Your objective:
The expected result is the full listing, retyped exactly, without a single picture.

Collected data:
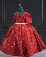 Wonderful design and vibrant colors. Maroon Sequins Ball Gown Girls Party Wear
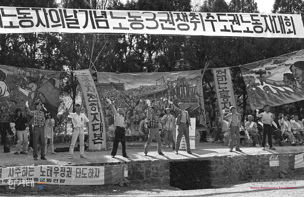 - 1988년 5울 1일 서울시내 대학생과 재야노동단체회원 및 노동자 6천여명이 참석한 가운데 서울 연세대 노천극장에서 서계노동자의 날 기념 노동 3권 쟁취 수도권노동자대회를 갖고 있다.
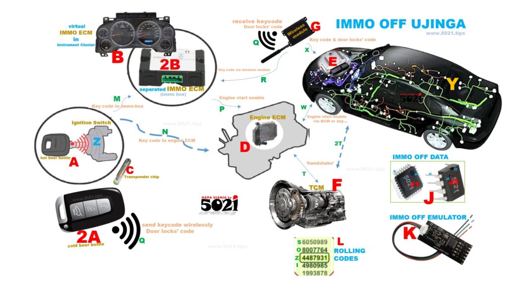 Kwa kutaka kuzuia wizi, walifanya uchawi kwenye gari kwamba isipo kuwa funguo maalum ya hiyo gari maalum, hiyo gari haiwezi kuendeshwa. Kwenye funguo waliweka kadude fulani kanaitwaTransponder Sasa haka kadude namna tulivyoneshana kwa video, kuna neno siri ama PIN a.k.a password ambao lazima ifanane na ilyo kwenye gari. Isipo fanana gari haitawaka!
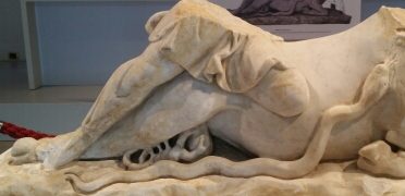 Ecco che nella nostra storia intervengono due ragazzini, che giocano nei pressi dello scavo in corso, in mezzo alla terra di risulta scavata dagli archeologi. Ogni tanto trovano una tessera di mosaico, ogni tanto qualche coccio, ma una volta trovano un pezzo di marmo bianco. Lo sollevano, è pesantissimo. Lo trascinano fin sulla soglia di casa e lo lavano. Appare sotto i loro occhi il corpo di un toro con un serpentello lungo un fianco e una gamba umana poggiata sulla parte posteriore: manca la testa del toro, e manca la parte superiore della figura umana, ma non ci vuole molto per gli archeologi della Soprintendenza, chiamati subito dal babbo di uno dei ragazzini per verificare il ritrovamento, per capire che si tratta di una statua di culto del dio Mithra.

Solution for this exercise:
 Wonderful design and vibrant colors. Maroon Sequins Ball Gown Girls Party Wear
 - 1988년 5울 1일 서울시내 대학생과 재야노동단체회원 및 노동자 6천여명이 참석한 가운데 서울 연세대 노천극장에서 서계노동자의 날 기념 노동 3권 쟁취 수도권노동자대회를 갖고 있다.
 Kwa kutaka kuzuia wizi, walifanya uchawi kwenye gari kwamba isipo kuwa funguo maalum ya hiyo gari maalum, hiyo gari haiwezi kuendeshwa. Kwenye funguo waliweka kadude fulani kanaitwaTransponder Sasa haka kadude namna tulivyoneshana kwa video, kuna neno siri ama PIN a.k.a password ambao lazima ifanane na ilyo kwenye gari. Isipo fanana gari haitawaka!
 Ecco che nella nostra storia intervengono due ragazzini, che giocano nei pressi dello scavo in corso, in mezzo alla terra di risulta scavata dagli archeologi. Ogni tanto trovano una tessera di mosaico, ogni tanto qualche coccio, ma una volta trovano un pezzo di marmo bianco. Lo sollevano, è pesantissimo. Lo trascinano fin sulla soglia di casa e lo lavano. Appare sotto i loro occhi il corpo di un toro con un serpentello lungo un fianco e una gamba umana poggiata sulla parte posteriore: manca la testa del toro, e manca la parte superiore della figura umana, ma non ci vuole molto per gli archeologi della Soprintendenza, chiamati subito dal babbo di uno dei ragazzini per verificare il ritrovamento, per capire che si tratta di una statua di culto del dio Mithra.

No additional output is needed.